The others stared between us through the silence and my laugh, and I found myself wiping the smile off my face, realizing it probably looked pretty weird from the outside, for me to be smiling while I explained this stuff. Maybe they thought I was screwing with them.
Probably, given the way Angeline frowned, glancing first at Revik, then at Wreg.
"So what does any of that actually mean, Allie?" Frankie said, pulling my eyes back to her. "Is this disease supposed to 'help' us evolve? Just a little helping hand for the human race, courtesy of you and your boy-toy...?"
I exhaled in some impatience. "I told you...we had nothing to do with this. We were trying to stop it. That's where we were just now...trying to stop the guy who unleashed it in San Francisco in the first place."
"Well, bang up job," Frankie shot back. "Stellar, Al."
Revik let out a low snort of humor. So did Balidor on the other side of him. I even felt Wreg smile from where he was massaging Jon’s shoulder with his good arm and hand.
I felt my face grow hotter though, even as I shrugged.
"I'm sorry," I said. "I really am."
There was a silence where all of the humans sitting across from us stared at me, maybe expecting me to say more, or maybe wondering what to ask next. When I glanced to my other side, I realized Loki was listening, too, a faint frown etched into his f
orehead. Truthfully, I'd assumed he was asleep. I found myself wondering if any of the others positioned on benches on the other side of the crate, had been listening to me, as well.
Just then, a sickening drop roiled my stomach.
Something lifted the crate straight up without warning.
Talei and Balidor had described the lifts to us before we were locked inside the crate, so I should have remembered it would happen like that. Really, I should have warned the others, too, although presumably the seers who strapped them inside would have done that already.

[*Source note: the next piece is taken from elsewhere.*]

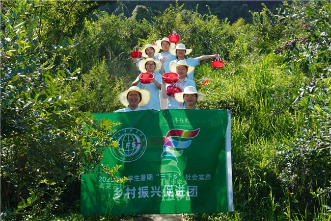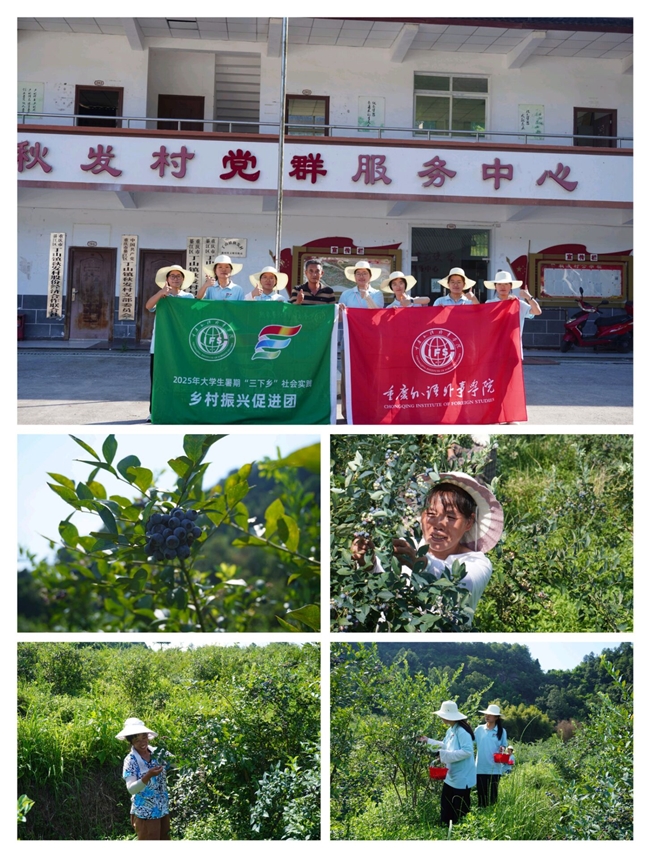 午后,促进团探访秋发村蓝莓产业基地。200亩基地(投产约100亩)里,蓝莓果实饱满甘甜,富含花青素、维生素C和膳食纤维,品质优良。秋发村蓝莓采摘季已持续3年,年产量约4万斤,作为秋发村支柱产业,为乡村振兴提供支撑。据了解,基地可容纳约1000人同时采摘,辐射周边区县,吸引渝贵川等多地游客,带动当地消费与村民就业。但也面临销售渠道窄、鲜果易损耗以及便利店、餐饮店和观光接驳车等基础配套服务设施不完善等实际困难。促进团成员认真记录下这些问题,计划将调研结果整理反馈,为特色蓝莓产业发展提供参考。
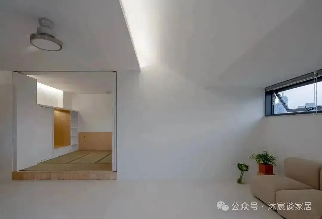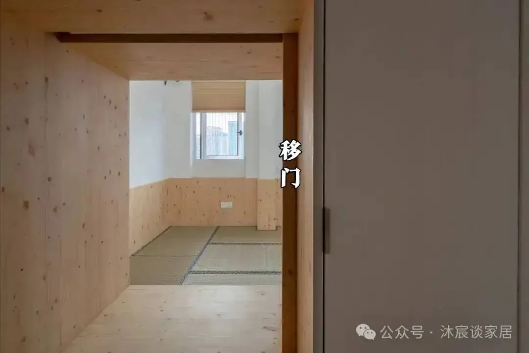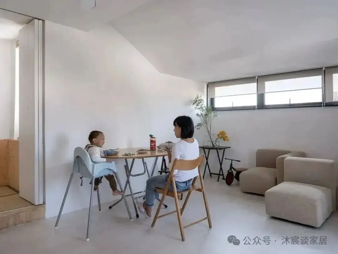 更绝的是,鞋柜旁的小洞里还藏着一扇移门。白天收进去,光和风都能借进来;晚上拉上,又能把儿童区变成一个相对独立的小房间。

In any case, the motion caught me completely off-guard, bringing bile instantly to my throat. I managed to control it, but probably only because I’d dealt with worse in the last week.
Turns out, not everyone has my gag reflex.
Sasquatch was the first to lose it, emptying the contents of his stomach within seconds of the crate leaving the submarine's deck. Frankie followed.
A few seconds after Frankie, Jaden coughed, shuddering in a kind of exaggerated wave before his body convulsed violently, too. He threw up on the floor of the crate right next to where Sasquatch had already decorated the metal ridges with bright yellow bile and chunks of what must have been the regulation navy food they fed him earlier that day.
Angeline looked overly pale through that first lurch of motion and flight, but she managed to hold hers down until the other three got sick. Then the smell must have hit her, because eventually she vomited too, her body wracked in a painful-looking arc as she forced out water and more brightly-colored bile.
I closed my eyes. I tried to close my nose to the smell, too, but it wasn't easy.
I found myself burying my face in Revik's side, trying to breathe in him, instead of the fumes, but it only half-worked. Hearing the scattered chuckles and giggles from the seers strapped down around me didn't exactly help, because then I wanted to laugh, too.
From my other side, I heard Jax mutter, "Oh, that's great. That's just fucking fantastic...I thank you all very much for this experience..."
At that, Revik, Wreg and Balidor lost it, bursting out in real laughter.